On Linux x86-64, this yields: asm average: 569.200000 sys average: 289.600000 On Linux x86: asm average: 311.600000 sys average: 290.200000 --ryan. On Windows, Visual Studio 2010 with /Ox optimizations appears to realize this memset() is useless and makes it a no-op, making the memset() test take zero milliseconds. :) SDL_memset4() never uses the asm code on Visual Studio (just the C fallback), so I say we dump this code. As we're moving into x86-64 and ARM processors as the main targets, we never get the asm code anyhow, and even the asm code can't keep up with the system's C runtime versions on any platform. --ryan.

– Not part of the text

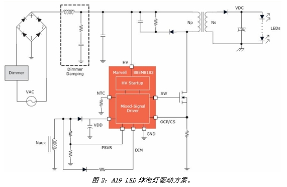 消費(fèi)者用LED節(jié)能燈取代白熾燈等傳統(tǒng)照明解決方案的同時(shí),也希望得到同樣或更好的照明體驗(yàn)。不幸的是,他們常常發(fā)現(xiàn)LED燈在調(diào)光能力上有問題,因此覺得LED燈幾乎不能調(diào)光或調(diào)光時(shí)會(huì)閃爍。很多LED燈與家中已安裝的壁式調(diào)光器也不兼容。Marvell最新的88EM8183深度調(diào)光單級交流/直流LED驅(qū)動(dòng)器IC為OEM廠商和ODM廠商提供了兼容性最廣泛的調(diào)光解決方案,該IC與全球市場上絕大多數(shù)調(diào)光器都兼容,而且提供卓越的光輸出質(zhì)量,可提高消費(fèi)者的滿意度,減少退貨。

Removed in hg changeset 898992405fa7. --ryan. Backed out commit 898992405fa7 because memset() does a byte fill and SDL_memset4() does a uint32 fill and this change breaks SDL_FillRect() Closing this as FIXED because the rest of the inline ASM got removed, and SDL_memset4 needs to stay (whoops!). --ryan. |